DATA SUPPLIED:
-*-*-
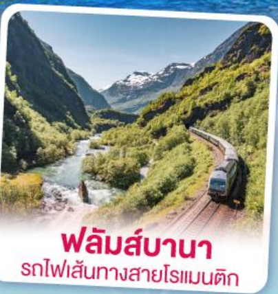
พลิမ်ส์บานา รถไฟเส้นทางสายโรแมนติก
-*-*-
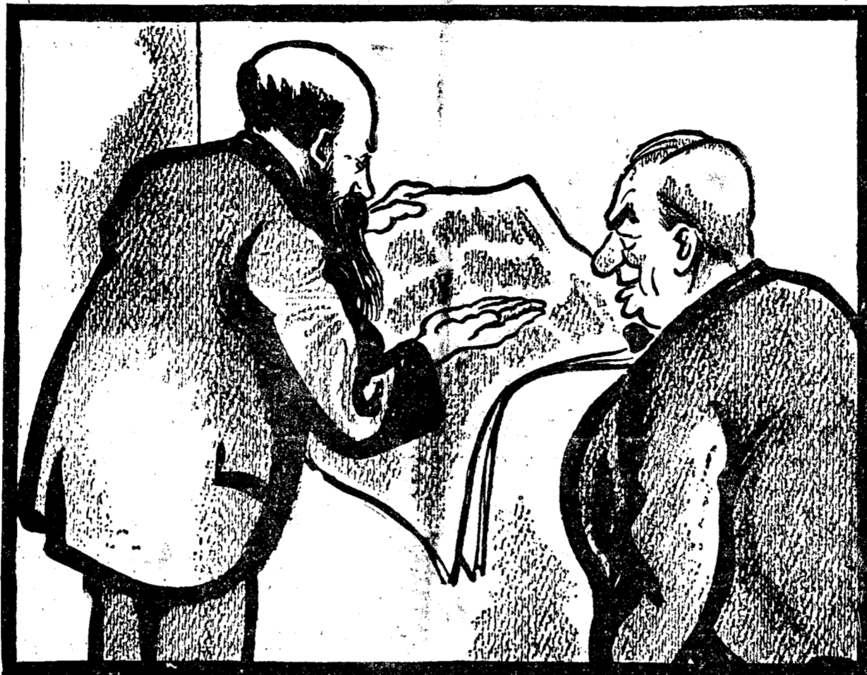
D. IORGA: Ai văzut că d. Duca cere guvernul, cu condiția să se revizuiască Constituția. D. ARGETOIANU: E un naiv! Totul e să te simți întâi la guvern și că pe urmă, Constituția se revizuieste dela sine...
-*-*-
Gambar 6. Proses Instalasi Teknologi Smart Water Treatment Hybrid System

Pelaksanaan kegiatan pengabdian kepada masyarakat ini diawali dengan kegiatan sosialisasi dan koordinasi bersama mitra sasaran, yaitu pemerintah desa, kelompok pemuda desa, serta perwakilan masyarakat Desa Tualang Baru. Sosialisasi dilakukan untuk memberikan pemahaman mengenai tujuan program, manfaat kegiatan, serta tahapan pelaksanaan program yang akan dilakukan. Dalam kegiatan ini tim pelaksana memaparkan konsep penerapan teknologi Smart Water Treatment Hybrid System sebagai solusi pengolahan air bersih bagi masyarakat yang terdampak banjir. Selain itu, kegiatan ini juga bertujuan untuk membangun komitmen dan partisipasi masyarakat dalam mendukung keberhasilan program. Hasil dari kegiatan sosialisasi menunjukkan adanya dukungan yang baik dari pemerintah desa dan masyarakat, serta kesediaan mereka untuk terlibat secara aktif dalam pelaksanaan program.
-*-*-
ASSIGNMENT:
The entries above hold a line with "Gambar 6. Proses" and a later line with "Pelaksanaan kegiatan pengabdian". Write out exactly those lines and all lines between, nothing more.

RESULT OF THE EXERCISE:
Gambar 6. Proses Instalasi Teknologi Smart Water Treatment Hybrid System

Pelaksanaan kegiatan pengabdian kepada masyarakat ini diawali dengan kegiatan sosialisasi dan koordinasi bersama mitra sasaran, yaitu pemerintah desa, kelompok pemuda desa, serta perwakilan masyarakat Desa Tualang Baru. Sosialisasi dilakukan untuk memberikan pemahaman mengenai tujuan program, manfaat kegiatan, serta tahapan pelaksanaan program yang akan dilakukan. Dalam kegiatan ini tim pelaksana memaparkan konsep penerapan teknologi Smart Water Treatment Hybrid System sebagai solusi pengolahan air bersih bagi masyarakat yang terdampak banjir. Selain itu, kegiatan ini juga bertujuan untuk membangun komitmen dan partisipasi masyarakat dalam mendukung keberhasilan program. Hasil dari kegiatan sosialisasi menunjukkan adanya dukungan yang baik dari pemerintah desa dan masyarakat, serta kesediaan mereka untuk terlibat secara aktif dalam pelaksanaan program.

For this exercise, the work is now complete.